Input material:
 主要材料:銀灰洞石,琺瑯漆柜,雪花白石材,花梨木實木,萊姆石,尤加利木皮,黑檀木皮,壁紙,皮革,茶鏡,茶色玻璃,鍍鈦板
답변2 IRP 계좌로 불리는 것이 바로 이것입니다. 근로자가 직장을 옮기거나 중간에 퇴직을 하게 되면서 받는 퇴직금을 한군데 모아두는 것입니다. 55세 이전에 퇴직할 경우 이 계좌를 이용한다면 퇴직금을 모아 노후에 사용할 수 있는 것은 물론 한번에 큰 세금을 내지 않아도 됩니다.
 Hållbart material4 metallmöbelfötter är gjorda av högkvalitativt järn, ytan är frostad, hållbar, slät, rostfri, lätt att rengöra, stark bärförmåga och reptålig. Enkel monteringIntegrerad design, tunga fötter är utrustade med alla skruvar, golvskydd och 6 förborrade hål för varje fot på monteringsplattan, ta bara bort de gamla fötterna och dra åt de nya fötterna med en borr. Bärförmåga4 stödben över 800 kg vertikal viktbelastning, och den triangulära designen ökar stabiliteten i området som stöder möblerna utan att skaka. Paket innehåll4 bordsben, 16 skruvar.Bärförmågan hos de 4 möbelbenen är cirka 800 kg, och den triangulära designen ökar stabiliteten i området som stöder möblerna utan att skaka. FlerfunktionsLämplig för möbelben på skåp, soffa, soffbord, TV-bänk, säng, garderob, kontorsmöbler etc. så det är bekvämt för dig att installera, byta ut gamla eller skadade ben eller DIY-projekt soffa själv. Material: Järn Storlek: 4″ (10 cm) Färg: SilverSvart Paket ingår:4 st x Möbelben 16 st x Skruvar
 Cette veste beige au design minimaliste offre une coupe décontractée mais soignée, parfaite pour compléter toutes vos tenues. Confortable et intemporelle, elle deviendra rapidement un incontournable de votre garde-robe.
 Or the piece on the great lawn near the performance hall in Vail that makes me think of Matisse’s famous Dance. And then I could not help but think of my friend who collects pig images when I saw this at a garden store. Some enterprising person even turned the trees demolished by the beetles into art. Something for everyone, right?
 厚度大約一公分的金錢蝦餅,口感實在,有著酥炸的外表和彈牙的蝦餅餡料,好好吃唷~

==

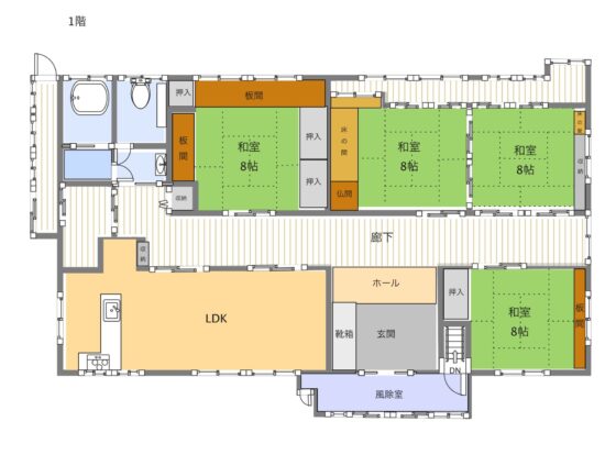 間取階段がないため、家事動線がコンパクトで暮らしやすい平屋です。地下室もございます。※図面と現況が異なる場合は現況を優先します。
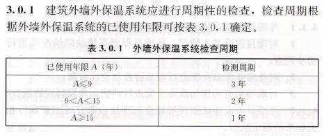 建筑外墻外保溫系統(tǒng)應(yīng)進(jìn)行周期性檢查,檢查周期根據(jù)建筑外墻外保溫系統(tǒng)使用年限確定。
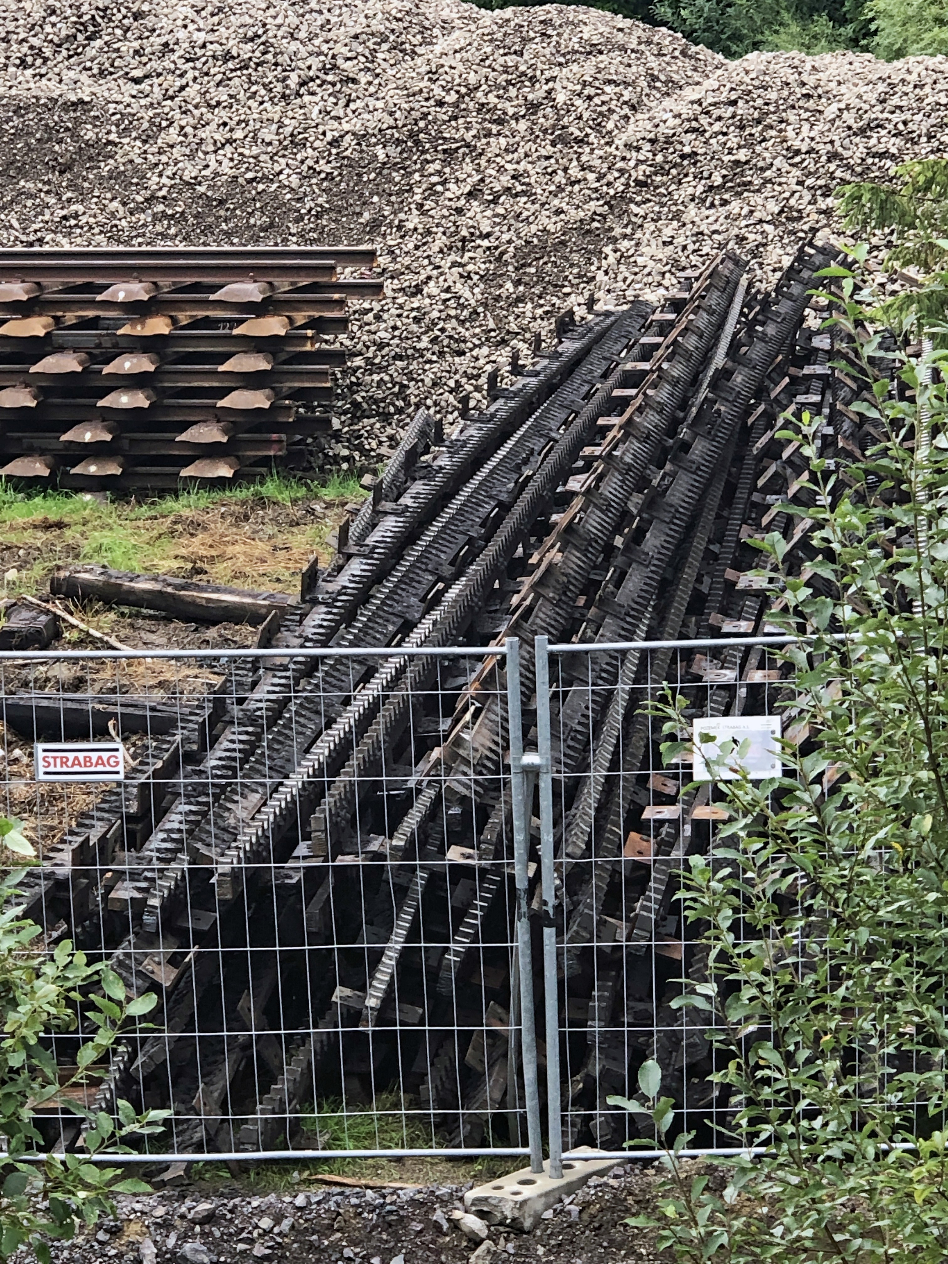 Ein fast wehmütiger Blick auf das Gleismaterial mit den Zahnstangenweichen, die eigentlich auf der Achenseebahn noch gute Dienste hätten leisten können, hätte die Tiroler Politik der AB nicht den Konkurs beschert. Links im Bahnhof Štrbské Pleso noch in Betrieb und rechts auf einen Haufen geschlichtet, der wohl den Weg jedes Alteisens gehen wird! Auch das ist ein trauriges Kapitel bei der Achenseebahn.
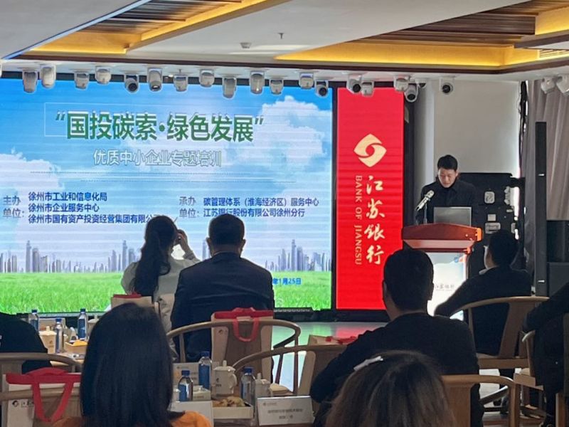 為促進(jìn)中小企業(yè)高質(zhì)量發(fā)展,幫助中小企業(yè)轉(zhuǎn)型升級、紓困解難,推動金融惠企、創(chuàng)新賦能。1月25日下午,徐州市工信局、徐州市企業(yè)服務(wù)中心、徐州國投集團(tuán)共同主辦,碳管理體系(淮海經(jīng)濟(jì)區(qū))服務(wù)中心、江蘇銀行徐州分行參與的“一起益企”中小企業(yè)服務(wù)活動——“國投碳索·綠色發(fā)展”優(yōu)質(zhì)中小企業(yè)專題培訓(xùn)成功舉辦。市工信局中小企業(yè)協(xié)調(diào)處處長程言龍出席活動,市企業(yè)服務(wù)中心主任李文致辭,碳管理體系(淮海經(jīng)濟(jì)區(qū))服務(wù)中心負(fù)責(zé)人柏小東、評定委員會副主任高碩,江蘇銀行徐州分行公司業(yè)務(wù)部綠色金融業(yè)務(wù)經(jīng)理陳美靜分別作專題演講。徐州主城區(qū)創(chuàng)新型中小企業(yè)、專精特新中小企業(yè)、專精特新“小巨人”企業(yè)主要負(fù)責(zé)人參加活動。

--

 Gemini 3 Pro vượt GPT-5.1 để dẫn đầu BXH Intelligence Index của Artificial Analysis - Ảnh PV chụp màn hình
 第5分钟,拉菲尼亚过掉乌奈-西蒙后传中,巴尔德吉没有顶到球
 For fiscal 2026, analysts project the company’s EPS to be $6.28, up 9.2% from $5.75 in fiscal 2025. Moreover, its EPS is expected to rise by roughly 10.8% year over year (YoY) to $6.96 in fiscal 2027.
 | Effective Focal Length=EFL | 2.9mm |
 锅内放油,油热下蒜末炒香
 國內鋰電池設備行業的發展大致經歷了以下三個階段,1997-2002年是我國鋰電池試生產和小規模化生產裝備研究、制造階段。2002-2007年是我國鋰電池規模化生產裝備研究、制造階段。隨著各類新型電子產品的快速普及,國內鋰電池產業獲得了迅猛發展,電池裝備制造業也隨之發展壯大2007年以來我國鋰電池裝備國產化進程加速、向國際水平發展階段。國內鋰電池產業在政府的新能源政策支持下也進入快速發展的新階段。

Exercise brief:
For this exercise, repeat exactly the lines of the data above from the one with "锅内放油,油热下蒜末炒香" down to the one with "國內鋰電池設備行業的發展大致", both end lines included.

Written solution:
 锅内放油,油热下蒜末炒香
 國內鋰電池設備行業的發展大致經歷了以下三個階段,1997-2002年是我國鋰電池試生產和小規模化生產裝備研究、制造階段。2002-2007年是我國鋰電池規模化生產裝備研究、制造階段。隨著各類新型電子產品的快速普及,國內鋰電池產業獲得了迅猛發展,電池裝備制造業也隨之發展壯大2007年以來我國鋰電池裝備國產化進程加速、向國際水平發展階段。國內鋰電池產業在政府的新能源政策支持下也進入快速發展的新階段。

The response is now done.